▸ Your task: Without any images, write the listing below out word for word.

▸ Data extract:
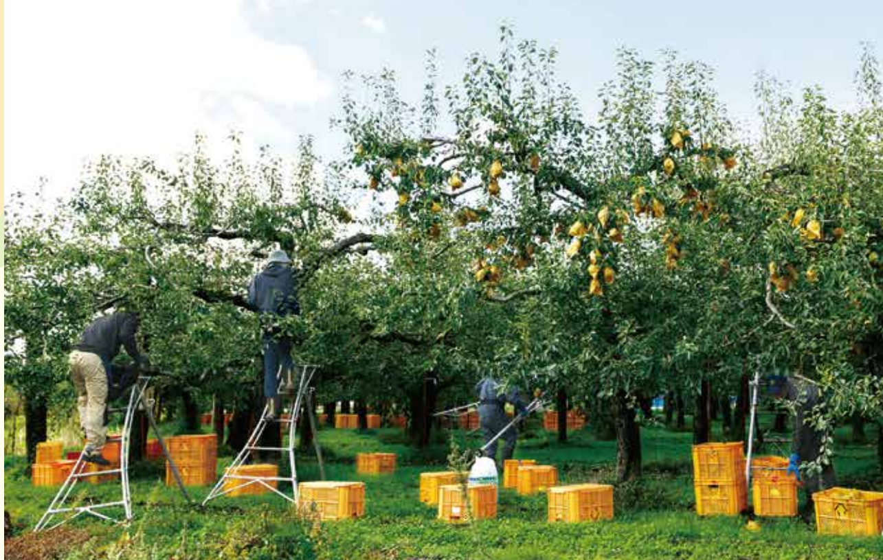
ラ・フランスの収穫期は短く、できるだけ多くの人手が必要
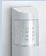
OAS-K weiß mit klarer Linse VdS-Kl. C G 106056 Art.-Nr. 100059531
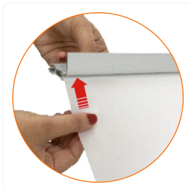
AGARRE A PRESIÓN DE LA GRÁFICA
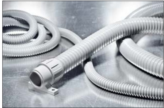
FlexiGuard FG mit Verschraubung FG-UH.
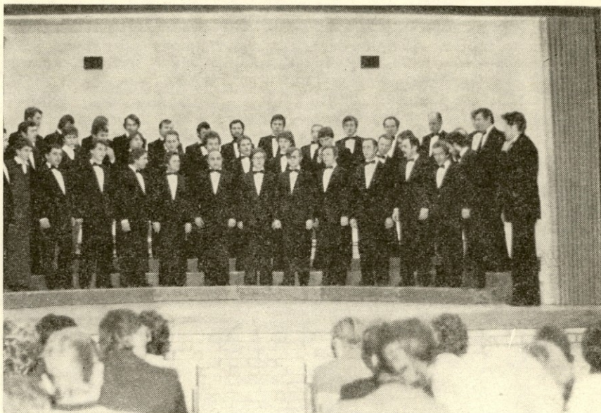
Koncert PZ Liko — Verd v šoli I. Cankarja
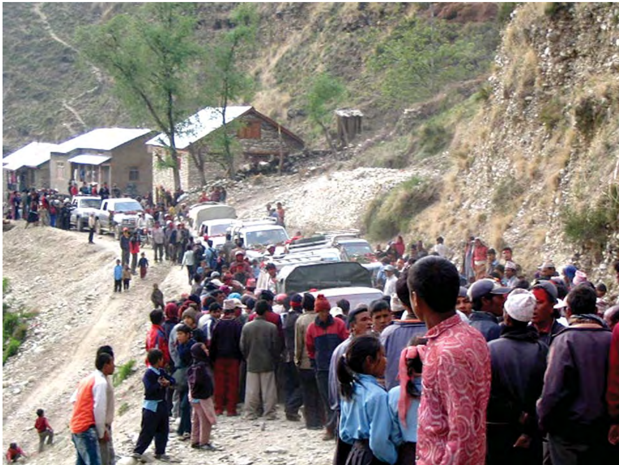
गतवर्षको अन्तिम दिन कर्णालीमा मोटर पुऱ्याउने सिलसिलामा जुम्ला नजिक सवारीसाधनका लस्कर

‘हुम्ला जुम्ला गाडीमा कहिले गुड्ने हो डुंगा चढी राराताल कहिले घुम्ने हो’
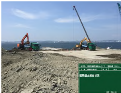
載荷盛土撤去 令和元年 9月
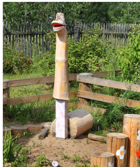
Удивительный жираф из обуви.

вали свои любимые уголки природы, которые молят о спасении. В работах были выражены искренние призывы беречь окружающую среду: "Берегите лес от пожаров",
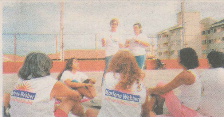
ATIVIDADES. As alunas têm aulas de alongamento, ginástica, artesanato, além de participarem de palestras.

Saber Viver. Esse é o nome do Grupo da Terceira Idade de Santa Inês, em Vila Velha, e é o que as vovós do bairro mais sabem fazer. Lição de vida é o que não faltam a elas, que chegaram a sofrer de depressão e redescobriram o sentido da vida.
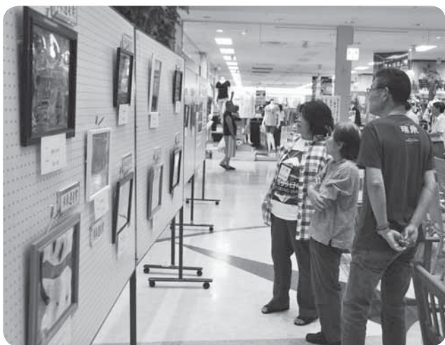
未来に伝えたい“成田の魅力”がいっぱい

文化遺産や自然遺産を未来に伝えていくことを目的に、ユネスコが推進する「未来遺産運動」。その活動の一環として7月18日～23日、「成田の地域遺産写真展」がユアエルム成田店で開催されました。展示されたのは、市内の風景や文化財、祭りなどを撮影した32点の写真。買い物に訪れた家族連れなどが足を止め、展示された作品の数々を興味深げに見つめていました。
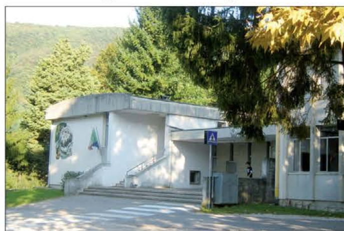
Sedež nižje srednje šole Dante Alighieri v Špetru

zred 6 dijakov, na italijanski šoli v Špetru 25 dijakov, na dvojezični šoli pa je prvošolcev 19.
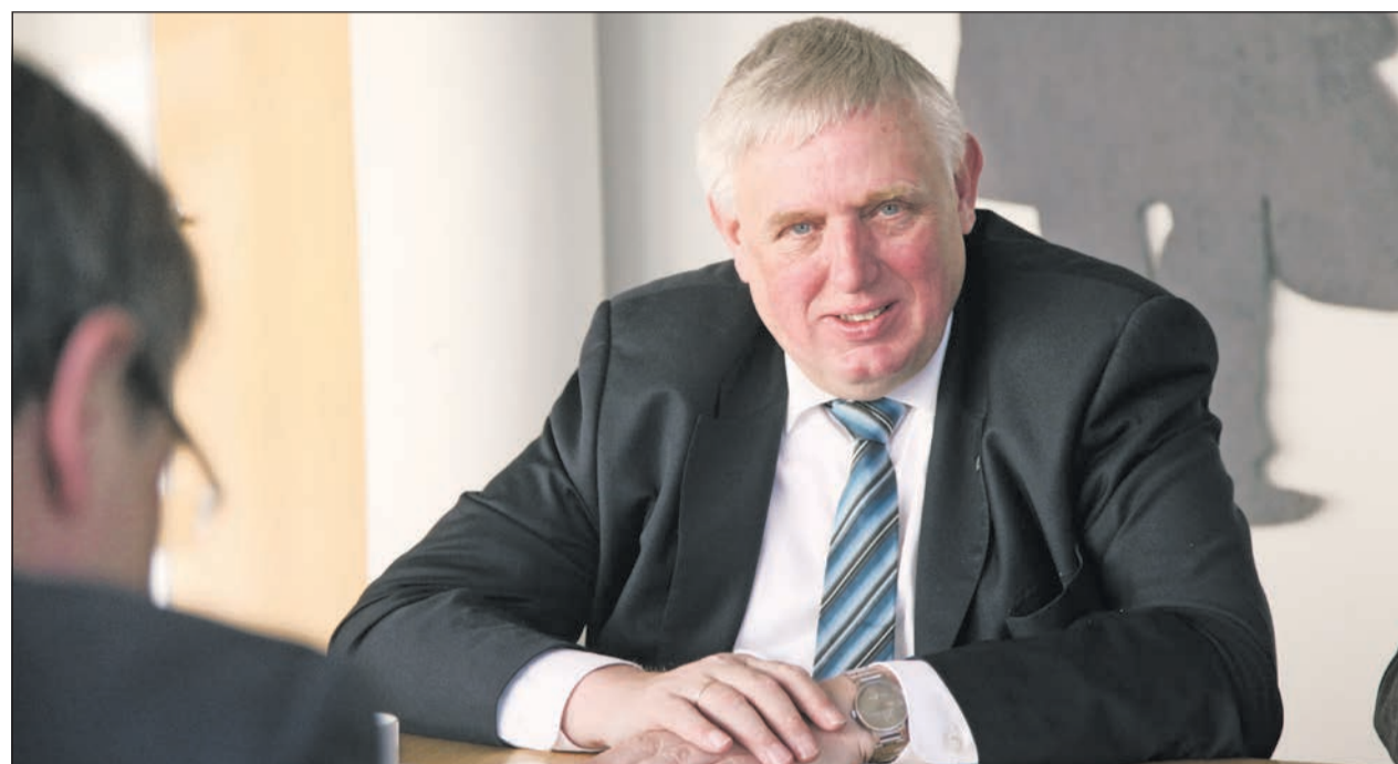
NRW-Landesminister Karl-Josef Laumann zur besseren Integration von Menschen mit Behinderung in die Gesellschaft

D rei Fragen – drei Antworten: Karl-Josef Laumann, Minister für Arbeit, Gesundheit und Soziales des Landes Nordrhein-Westfalen, stellte auf Anfrage des Lebenshilfe journals schriftlich dar, wie Menschen mit Behinderung noch besser in die Gesellschaft integriert werden können.
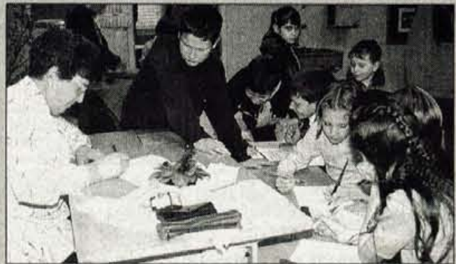
Razstavo v šoli so popestrili s prikazom praktičnega dela pri nekdanjem pouku.

V petek dopoldan so učence v Spodnjih Dupljah obiskali vrstniki iz centralne šole v Naklem in podružnice v Podbrezjah. Dan šole je minil ob ogledu zanimivosti v okolici, prireditve domačih solarjev in razstave. V spodnjih prostorih šole so uredili sodobno učilnico. V nadstropju so razstavili likovne izdelke, prikazali stara učila in predstavili razvoj šole po letu 1950. Posebej zanimiva je bila delavnica, v kateri so pletli in vezli, oblikovali predmete iz lesa in se učili lepopisa. Pri tem so jim pomagali tudi nekdanji učenci.

▸ Task answer:
ラ・フランスの収穫期は短く、できるだけ多くの人手が必要
OAS-K weiß mit klarer Linse VdS-Kl. C G 106056 Art.-Nr. 100059531
AGARRE A PRESIÓN DE LA GRÁFICA
FlexiGuard FG mit Verschraubung FG-UH.
Koncert PZ Liko — Verd v šoli I. Cankarja
गतवर्षको अन्तिम दिन कर्णालीमा मोटर पुऱ्याउने सिलसिलामा जुम्ला नजिक सवारीसाधनका लस्कर

‘हुम्ला जुम्ला गाडीमा कहिले गुड्ने हो डुंगा चढी राराताल कहिले घुम्ने हो’
載荷盛土撤去 令和元年 9月
Удивительный жираф из обуви.

вали свои любимые уголки природы, которые молят о спасении. В работах были выражены искренние призывы беречь окружающую среду: "Берегите лес от пожаров",
ATIVIDADES. As alunas têm aulas de alongamento, ginástica, artesanato, além de participarem de palestras.

Saber Viver. Esse é o nome do Grupo da Terceira Idade de Santa Inês, em Vila Velha, e é o que as vovós do bairro mais sabem fazer. Lição de vida é o que não faltam a elas, que chegaram a sofrer de depressão e redescobriram o sentido da vida.
未来に伝えたい“成田の魅力”がいっぱい

文化遺産や自然遺産を未来に伝えていくことを目的に、ユネスコが推進する「未来遺産運動」。その活動の一環として7月18日～23日、「成田の地域遺産写真展」がユアエルム成田店で開催されました。展示されたのは、市内の風景や文化財、祭りなどを撮影した32点の写真。買い物に訪れた家族連れなどが足を止め、展示された作品の数々を興味深げに見つめていました。
Sedež nižje srednje šole Dante Alighieri v Špetru

zred 6 dijakov, na italijanski šoli v Špetru 25 dijakov, na dvojezični šoli pa je prvošolcev 19.
NRW-Landesminister Karl-Josef Laumann zur besseren Integration von Menschen mit Behinderung in die Gesellschaft

D rei Fragen – drei Antworten: Karl-Josef Laumann, Minister für Arbeit, Gesundheit und Soziales des Landes Nordrhein-Westfalen, stellte auf Anfrage des Lebenshilfe journals schriftlich dar, wie Menschen mit Behinderung noch besser in die Gesellschaft integriert werden können.
Razstavo v šoli so popestrili s prikazom praktičnega dela pri nekdanjem pouku.

V petek dopoldan so učence v Spodnjih Dupljah obiskali vrstniki iz centralne šole v Naklem in podružnice v Podbrezjah. Dan šole je minil ob ogledu zanimivosti v okolici, prireditve domačih solarjev in razstave. V spodnjih prostorih šole so uredili sodobno učilnico. V nadstropju so razstavili likovne izdelke, prikazali stara učila in predstavili razvoj šole po letu 1950. Posebej zanimiva je bila delavnica, v kateri so pletli in vezli, oblikovali predmete iz lesa in se učili lepopisa. Pri tem so jim pomagali tudi nekdanji učenci.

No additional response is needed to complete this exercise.